Kendall Myers

Walter Kendall Myers ( born 1937 in Washington DC ) is a former senior official of the State Department of the United States. In 2009 he was arrested with his wife Gwendolyn Myers for alleged 30 -year-old spy for the Republic of Cuba. 2010, they were sentenced, Walter for life, Gwendolyn for more than 5 years.

Career

Kendall Myers is the grandson of Gilbert Grosvenor and the great-grandson of Alexander Graham Bell. He attended Brown University and later made a Doctor of Philosophy at Johns Hopkins University. There, and at Georgetown and George Washington University, where he also taught. From 1977 he also worked for the U.S. State Department. In 1978, he was allegedly recruited by Cuban spies. From 2000 to 2007 he worked for the Bureau of Intelligence and Research, where he had daily access to data with high levels of confidentiality. Last year alone, his work, he should have called the 200 documents about Cuba.

On June 6, 2009, he and his wife were arrested after a covert operation by the FBI, in which a FBI agent posing as a Cuban intelligence officer.

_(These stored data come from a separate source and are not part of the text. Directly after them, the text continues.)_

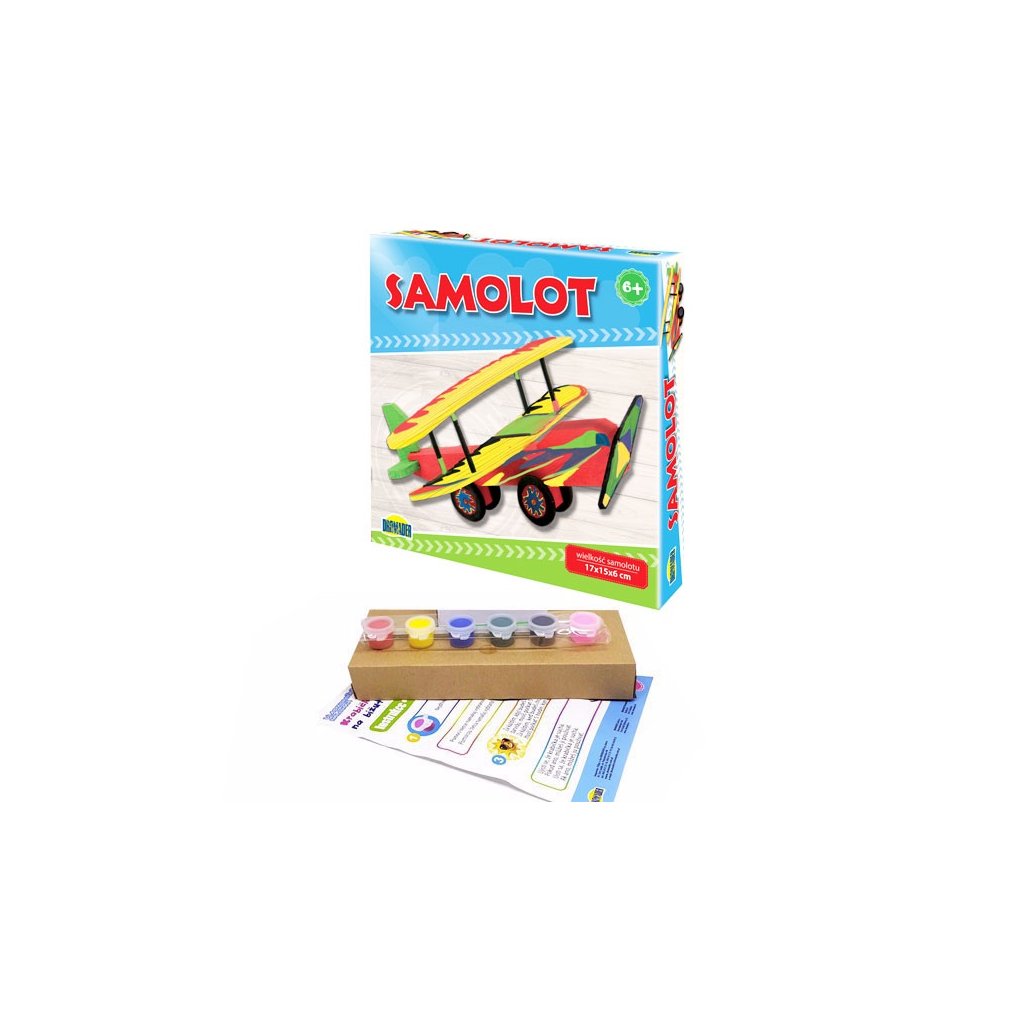 Lietadlo - urob a pomaľuj. V balení nájdete drevené časti loďky, 5 farbičiek, 2 štetce, lepidlo, dekoračné drobnosti a návod. Veselú tvorivú zábavu.Dodatočné parametre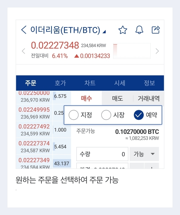 예약 주문은 특정 가상자산 가격이 사전 설정한 감시 가격에 도달하면 주문이 자동으로 실행되도록 한다. 투자자가 투자 목적과 시장 상황에 맞게 주문 조건을 사전에 설정해 놓을 수 있다. 특히 이익실현 및 손실제한 주문 설정 시 간편하게 활용할 수 있다고 회사는 강조했다.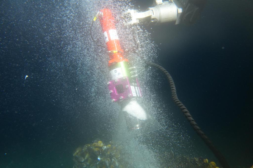 采火装置在海底冷泉喷口采集可燃冰(9月18日摄)。新华社发(广州海洋地质调查局供图)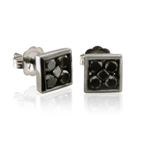 - 10k White Gold Black Rhodium Square Black Diamond ...

Walter ( Agent 202) and Gwendolyn Myers ( Agent 123 ) allegedly took advantage of short-wave radios, encrypted emails and direct transfers to communicate with Cuba. They should also have several times visited Havana in 1995 and Fidel Castro met. It is assumed on the part of the investigating authorities that the Myers worked at least also from ideological conviction for Cuba. It diary entries were reproduced, in which Kendall Myers wrote among other things:

He also described there Fidel Castro as "one of the great political leaders of our time. "

Kendall and Gwendolyn Myers pleaded on 20 November 2009 partially guilty. Kendall Myers wanted to go to a private showing of the USA not hurt, but Cuba thereby protect by making available to them an adequate picture of the hostile attitude of the United States. On July 16, 2010 Kendall Meyers was sentenced to life imprisonment without possibility of early release, his wife, to 81 months in prison.

Reactions in Cuba

"Those who in one form or another have helped to protect the Cuban people from the terrorist plans and assassination plots Organised by various U.S. administrations have done so at the initiative of Their Own conscience and are deserving, in my judgment, of all the honors in the world. "

Castro refused to comment on the alleged spying activities of the two, but added that if this were so, they must be praised for it.